Kéoki et les canards montèrent sur un canot de sauvetage, après que l'hydravion se soit écrasé. Kéoki avait perdu tout ce qu'il lui restait, il ne pouvait plus subvenir aux besoins de son peuple. Ils aperçurent le parachute de Gripsou, et remarquèrent qu'il avait déjà jalonné sa concession. En arrivant sur l'île, Kéoki enfonça le pieu d'amarrage du canot dur l'île, en déclarant qu'il serait merveilleux pour lui de dire : « Je déclare cette île propriété de Wokawoka. » Il dit que ces deux milliardaires prenaient ce terrain pour eux seuls, et non pour leurs familles ou leurs pays.

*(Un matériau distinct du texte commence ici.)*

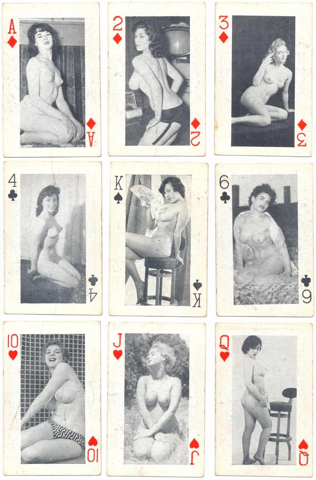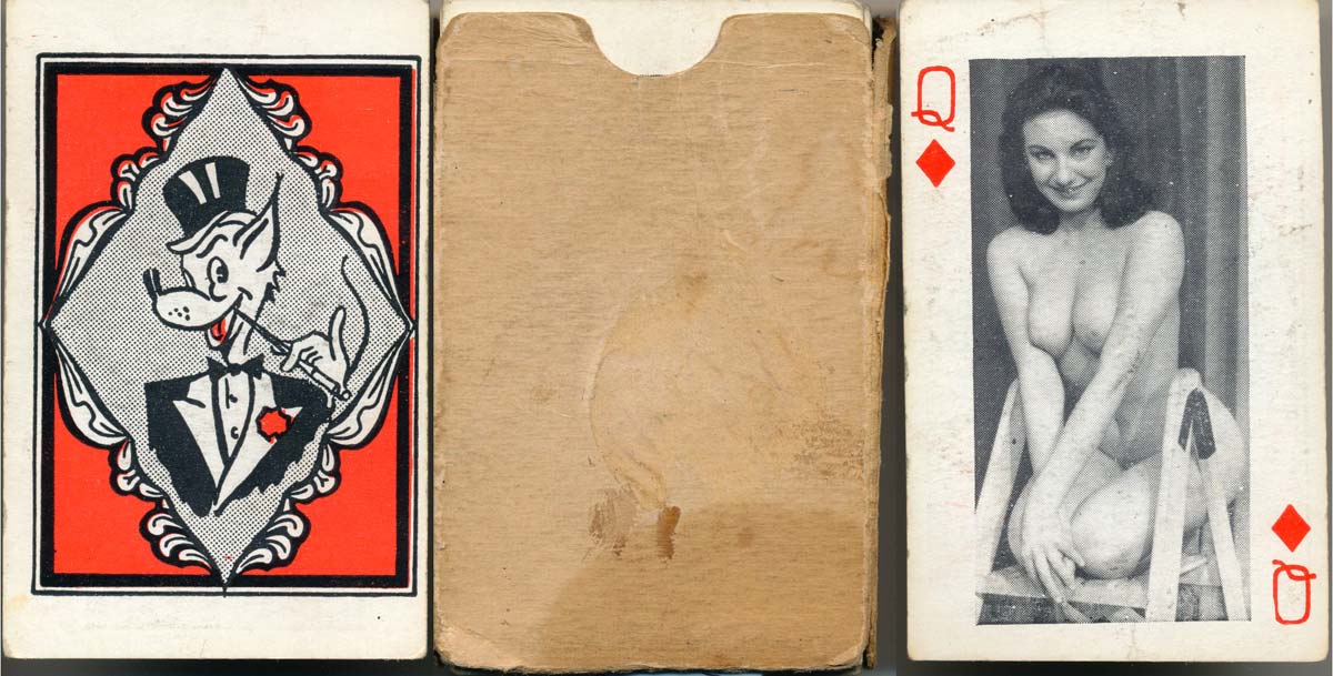 Above: Photographic playing cards - each face having an "art study" of a female nude, Mayall Press, Stockwell, London, c.1946. This edition has square corners and over the years different editions were published with different models. Images courtesy Matt Probert.

Gripsou nargua Picsou en disant qu'il était déjà là, et en montrant le pieu, il se déclara propriétaire de l'île à 30 degrés de latitude nord et 180 degrés de longitude. Picsou eut alors une idée : il demanda à Gripsou si celui-ci avait placé son pieu sur le côté ouest de l'île, ce qu'il affirma. Il prit alors un autre pieu, et le planta sur le côté est de l'île. Gripsou pensait qu'il perdait la tête, mais son adversaire lui expliqua que son jalon battait le sien d'une journée : en effet, comme le 180e méridien traversait l'île, on était le mercredi 17 du côté de Gripsou, mais encore le mardi 16 de son propre côté ! Le sud-africain s'évanouit, désespéré d'avoir perdu la possession de l'île. Riri, Fifi et Loulou, cependant, apprirent à leur grand-oncle que quelqu'un avait pris possession de l'île avant lui. En effet, Kéoki avait enfoncé le pieu d'amarrage sur la côte est de l'île, et Donald se rappela qu'il avait dit à ce moment qu'il déclarait cette île propriété de Wokawoka. Picsou crut à une erreur, mais légalement, l'île était la propriété de Wokawoka. Il s'évanouit à son tour, à côté de Gripsou ! Kéoki déclara que son peuple était sauvé, et que Wokawoka vivra, remerciant vivement Donald et ses neveux, face aux deux grippe-sous effondrés.

En coulissesModifier

Don Rosa eut de grandes difficultés à réaliser cette histoire : en effet, il s'était dit qu'il pouvait être intéressant de baser une histoire sur la ligne de changement de date. Cependant, l'histoire qui devait compter dix pages à l'origine s'est vite étirée sur quatorze pages, car il devait expliquer à de jeunes lecteurs qui n'avaient peut-être jamais entendu parler de cette ligne ce dont il s'agissait. Un autre aspect déroutant de l'histoire peut être le fait que Gripsou est montré vivant en Afrique du Sud, alors que depuis des décennies, les auteurs européens l'ont montré vivant à Donaldville, comme Picsou. Mais pour Don Rosa, il vit toujours là où Barks l'avait vivre dans ses classiques le mettant en scène : dans la vallée du Limpopo, au Transvaal. Aussi, n'étant pas satisfait du narrateur qui parle dans les pavés de texte de l'histoire, il fait dire à Picsou, dans la dernière case, « Il est temps de te taire, petit malin ! » Cependant, dans les différentes publications de l'histoire, cette phrase est remplacée par « Il est temps de finir cette histoire ! Elle a duré trop longtemps ! » Est-ce-qu'il s'agit d'un message caché de l'éditeur à Rosa, qui trouvait lui-même cette histoire trop longue ?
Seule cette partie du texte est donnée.